Box-shop chain Hako pulls karambit knives from shelves after a 12-year-old buys one

Madam Farrah Diba's Primary 6 son bought a karambit with a 9.5cm-long blade from Hako at Tampines 1.
Madam Farrah Diba's Primary 6 son bought a karambit with a 9.5cm-long blade from Hako at Tampines 1.PHOTO: FACEBOOK / FARRAH DIBA

SINGAPORE - Popular "box-shop" chain Hako has pulled a merchant's karambit knives from its shelves, following a parent's complaint that her 12-year-old son managed to buy one.

The company said in a Facebook post on Thursday (Sept 21) that while the curved utility blade was not banned for sale in Singapore, it has decided to "take a conservative move" in asking the merchant involved to cease the sale of the knife at its Bedok Mall and Tampines 1 outlets.

This was done after "much deliberation", said Hako's management, which also runs the Toy Outpost chain. Both chains rent out shelf space to retailers to display their wares.

The day before, Madam Farrah Diba, 39, raised concerns about how easy it was for her Primary 6 son to buy a karambit with a 9.5cm-long blade from Hako at Tampines 1.

Her story on Facebook was shared over 2,500 times as of noon on Thursday (Sept 21), with parents similarly expressing shock that such knives could be so readily obtained at Hako, a popular store with young people and families for its trendy products, such as fidget spinners and mobile device accessories.

Calling the karambit "shockingly sharp and lethal", Madam Farrah said she was able to slice a thick piece of cardboard effortlessly, and questioned whether other kids could get their hands on them as well.

Following a phone call from Madam Farrah, Hako said it had asked the merchant to put up a note, stating that the knives were only to be sold to buyers above the age of 14. This was before it decided to pull the items off the shelves completely.

Hako said it is careful not to allow merchants to sell prohibited items, and in this case, the merchant - had exercised due diligence by writing to the police before importing them.

Madam Farrah told The Straits Times that her son had purchased the karambit on Sept 7, and placed it in their home's glass cabinet along with other family souvenirs.

Madam Farrah, an events planner, said she has nothing against the sale of karambit, but was shocked that her son, who was with a friend of the same age, had managed to buy it without any age verification, and while in his school uniform.

"It was actually a very easy, casual buy, like they bought candy from someone," she said.

"I just don't think these things should be sold at Hako, which is regarded as a toy shop for many kids. "

She has punished her 12-year-old son, by docking his daily allowance for a month, so he learns that such items are not to be bought thoughtlessly, she added.

Hako said the merchant in question had imported the karambit to sell to cos-players.
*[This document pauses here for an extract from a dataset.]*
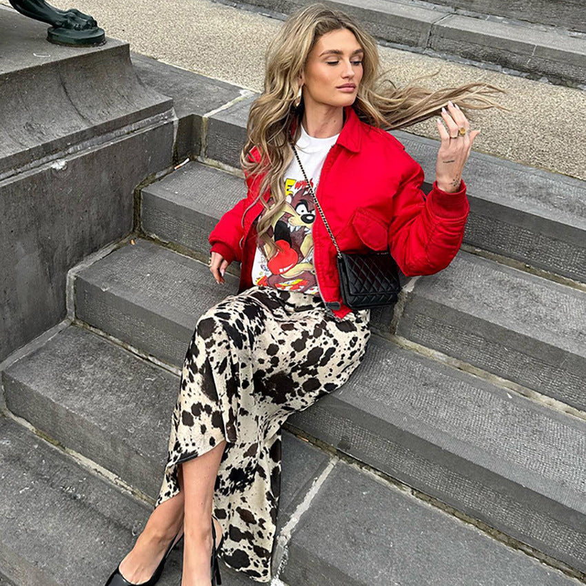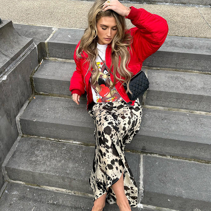Elegant Graceful Printed Simple Style All-match High Waist Skirt Cross-border Niche Long Skirt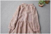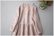 リネン100%贅沢総刺繍ポケット付きシンプルな大人可愛い五分袖ワンピース♪ -

While they will no longer be available, Hako said that the "sale of other sharp items like penknives, scissors and everyday use products will still continue".
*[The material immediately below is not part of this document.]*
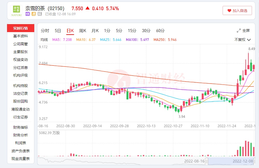 截至最新收盘,其股价仅7港元出头,已经距离上市当天股价最高点18.98港元“腰斩”过半,上市至今累跌超63%。作为被寄予厚望的“新式茶饮第一股”,奈雪如此表现的确是有点“拉垮”了。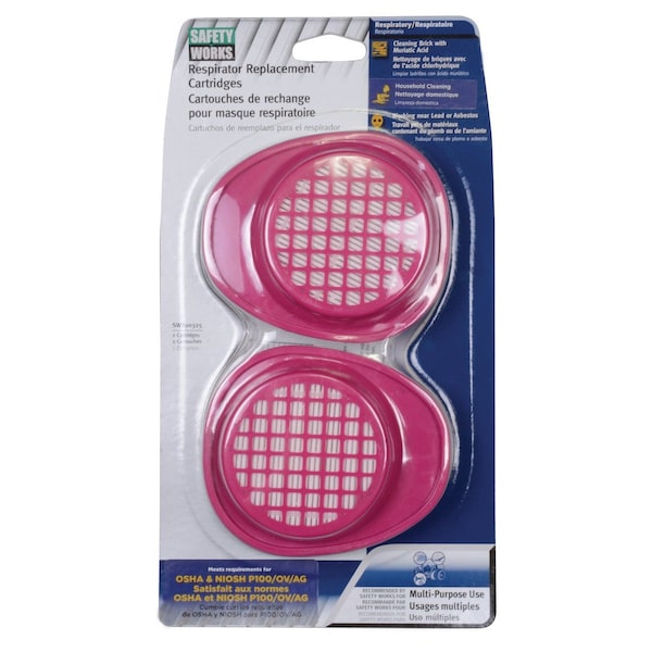 MULTI-PURPOSE RESPIRATOR REPL. CART., Notes 2: The cartridges are also NIOSH Approved against Chlorine, Hydrogen Chloride, Hydrogen Sulfide, and, Notes 2: Organic Vapors., Notes 3: The cartridges include integral high efficiency (99.97% against 0.3 micron particles) filters and an, Notes 3: impregnated bed of special activated carbon., Notes 5: These cartridges are only compatible with B100320 Facepieces. They are not certified with any other, Notes 5: facepiece., Notes 4: The cartridges are certified by NIOSH with P100/OV/CL/SD/HC approvals.

According to the website, the karambit has a South-east Asian origin, and while it is an "every day" utility blade, it can be "readily doubled as a self-defence weapon" when necessary.

Retailers which sold karambit knives said that these are not prohibited items, unlike flick knives or knuckle-dusters, which are banned here.
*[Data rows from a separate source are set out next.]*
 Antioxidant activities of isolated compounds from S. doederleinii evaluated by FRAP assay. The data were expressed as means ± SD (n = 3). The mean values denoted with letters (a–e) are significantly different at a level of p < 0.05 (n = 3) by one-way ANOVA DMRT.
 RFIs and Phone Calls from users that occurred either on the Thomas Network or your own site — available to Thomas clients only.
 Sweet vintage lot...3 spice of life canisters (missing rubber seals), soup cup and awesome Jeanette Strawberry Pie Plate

A spokesman for Caesars, a licensed retailer of replica guns and swords, said customers buy the karambit from them for use on trekking, camping and fishing trips.

"Our company practice is to only sell to customers who are at least 18 years old. Upon purchase, we will take down their particulars. These records are periodically audited by the authorities," the spokesman added.

The Straits Times has contacted the Singapore Police Force for comments.